GREFFIER : lors des débats et du prononcé : Karine FALGON.
DEBATS :
L’affaire a été appelée à l’audience publique du 09 janvier 2026, lors de laquelle les avocats ont été entendus en leurs conclusions et plaidoiries ,
Le Juge a avisé les parties à l’issue des débats que la décision serait prononcée par mise à disposition au greffe de la juridiction le VINGT MARS DEUX MILLE VINGT SIX.
EXPOSE DU LITIGE ET PRETENTIONS DES PARTIES :
La [Adresse 3] a consenti à Monsieur [Y] [F] :
— suivant contrat sous seing privé du 26 février 2019, l’ouverture d’un compte chèque n°[XXXXXXXXXX01],
— suivant contrat sous seing privé du 6 mars 2019, l’ouverture d’un compte courant professionnel n°[XXXXXXXXXX02],
— un contrat de prêt professionnel le 6 mars 2019, d’un montant de 16.000 euros pour une durée de 84 mois avec un taux d’intérêt annuel fixé de 1,20 %.
A compter du 10 février 2021, les échéances du prêt sont revenues impayées et les deux comptes précités présentaient des soldes débiteurs les 19 et 26 avril 2022.
Par courrier en recommandé avec accusé de réception en date du 9 janvier 2023 revenu avec la mention « Pli avisé et non réclamé », la Caisse Régionale de Crédit Agricole Mutuel Centre France a mis en demeure Monsieur [Y] [F] de régler les sommes de 361,22 euros et de 240,37 euros pour les soldes des comptes débiteurs et de 4.698,21 euros pour les échéances de prêt non régularisées, soit un montant total de 5.299,80 euros. A défaut de paiement dans un délai de dix jours, elle précisait qu’elle prononcerait la déchéance du terme.
Par courrier en recommandé avec accusé de réception en date du 7 février 2024 revenu avec la mention « Pli avisé et non réclamé », la [Adresse 3] prononçait la déchéance du terme et mettait en demeure sous quinzaine Monsieur [Y] [F] de lui rembourser selon décompte provisoirement arrêté le 7 février 2024 la somme de 13.624,93 euros et à défaut l’informait du recouvrement judiciaire de sa créance.
C’est ainsi que par acte de Commissaire de justice en date 18 avril 2024, la Caisse Régionale de Crédit Agricole Mutuel Centre France a assigné Monsieur [Y] [F] devant le tribunal judiciaire de MONTLUÇON aux fins de recouvrement desdites sommes.
Au terme de ses conclusions notifiées par RPVA le 3 décembre 2024, la [Adresse 3] demande au tribunal de :
— condamner Monsieur [Y] [F] à lui payer les sommes de :
*14.941,77 euros au titre des sommes dues à la date du 25 mars 2024 pour le prêt du 6 mars 2019, outre intérêts au taux contractuel de retard de 4,20 % du 25 mars 2024 jusqu’à total complet règlement,
*1.500,00 euros sur le fondement de l’article 700 du code de procédure civile,
— débouter Monsieur [Y] [F] de l’intégralité de ses moyens de défense et demandes reconventionnelles,
— dire n’y avoir lieu à déroger à l’exécution provisoire de droit de la décision à intervenir,
— condamner Monsieur [Y] [F] aux entiers dépens.

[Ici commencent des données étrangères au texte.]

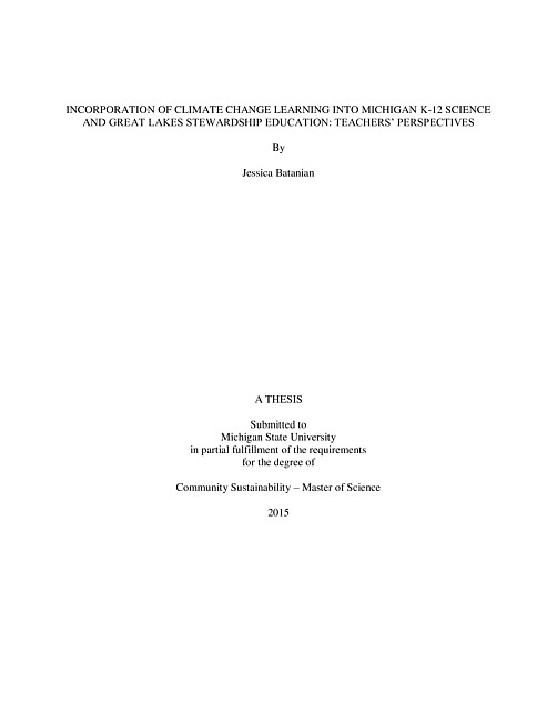 Incorporation of climate change learning into Michigan K-12 science and Great Lakes stewardship education : teachers' perspectives

En défense, au terme de ses conclusions n°2, notifiées par RPVA le 12 mars 2025, Monsieur [Y] [F] demande au tribunal de :
— rejeter la demande en paiement de la Caisse Régionale de Crédit Agricole Mutuel Centre France concernant le compte de dépôt à vue n°[XXXXXXXXXX01] et le compte courant n°[XXXXXXXXXX02],
— ramener le montant de l’indemnité forfaitaire réclamée par la [Adresse 3] à la somme de 1 euro,
— lui accorder des délais de paiement pour le surplus,
— dire et juger qu’il pourra rembourser sa dette en 23 mensualités de 150 euros outre une 24ème correspondant au solde des sommes dues,
— rejeter la demande sur le fondement de l’article 700 du code de procédure civile,
— statuer ce que de droit sur les dépens.

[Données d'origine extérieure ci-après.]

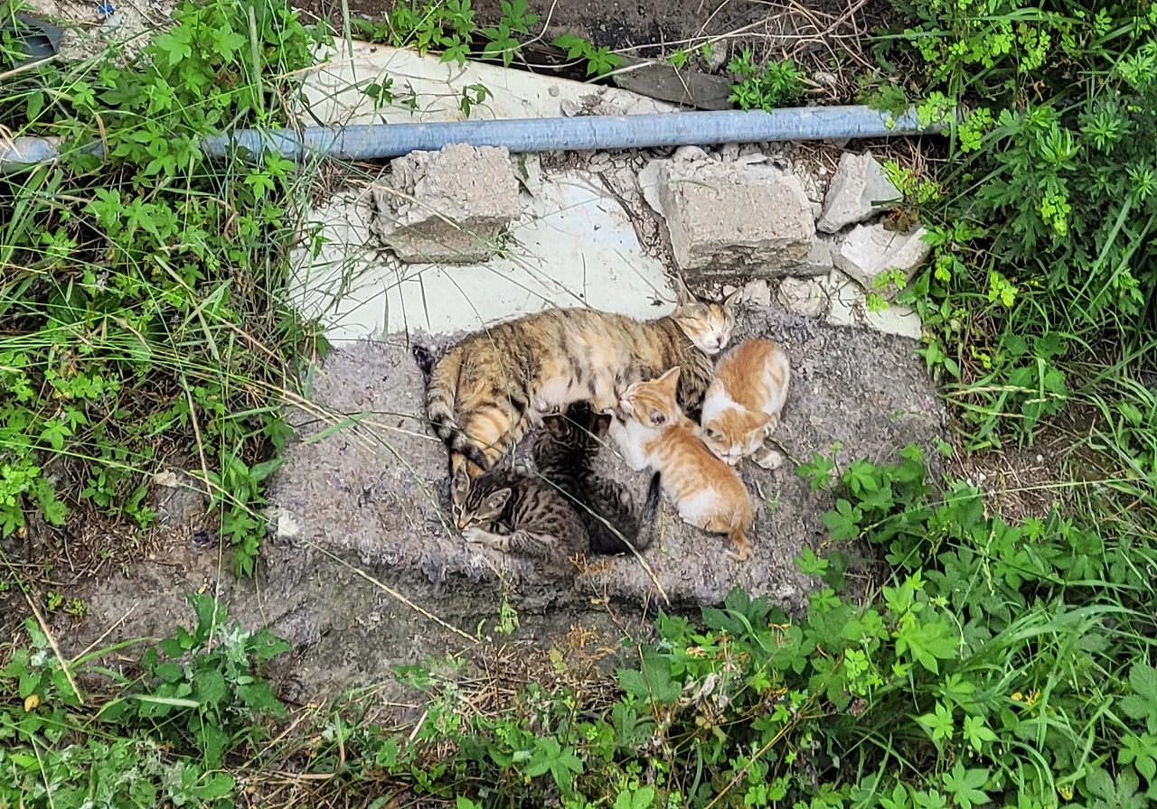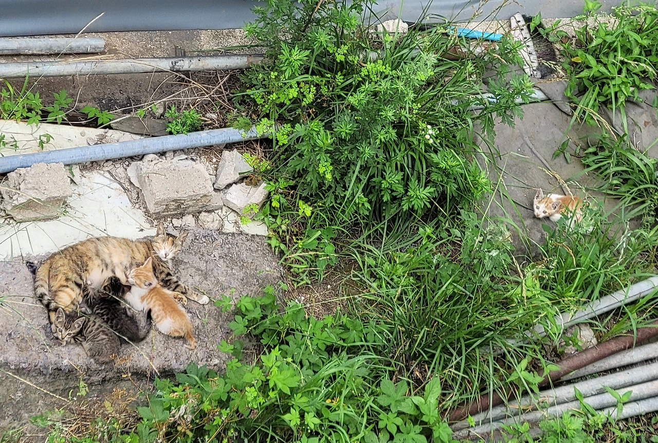 출산을 했더라도 얼마 되지 않았을 거라 생각했는데 처음 본 새끼냥들의 모습은 태어난 지 제법 시간이 흐른 것 같았다. 젖을 먹다가 '야옹'하고 삼색이를 부르는 내 목소리에 놀란 치즈냥 한 마리가 후다닥 몸을 숨기러 뛰어갔다가 나와 눈이 마주쳤다. 다른 고등어 한 녀석도 젖을 먹다 나를 바라봤다.

Pour l’exposé des moyens des parties, il sera expressément renvoyé à leurs conclusions, en application des dispositions de l’article 455 du code de procédure civile.
La clôture de la procédure est intervenue le 15 mai 2025, fixant l’audience de plaidoirie le 9 janvier 2026 ; date à laquelle l’affaire a été retenue.
DISCUSSION
Sur la condamnation en paiement
Aux termes de l’article 1103 du Code civil, les contrats légalement formés tiennent lieu de loi à ceux qui les ont faits.
L’article 1104 du Code civil dispose que les contrats doivent être négociés, formés et exécutés de bonne foi.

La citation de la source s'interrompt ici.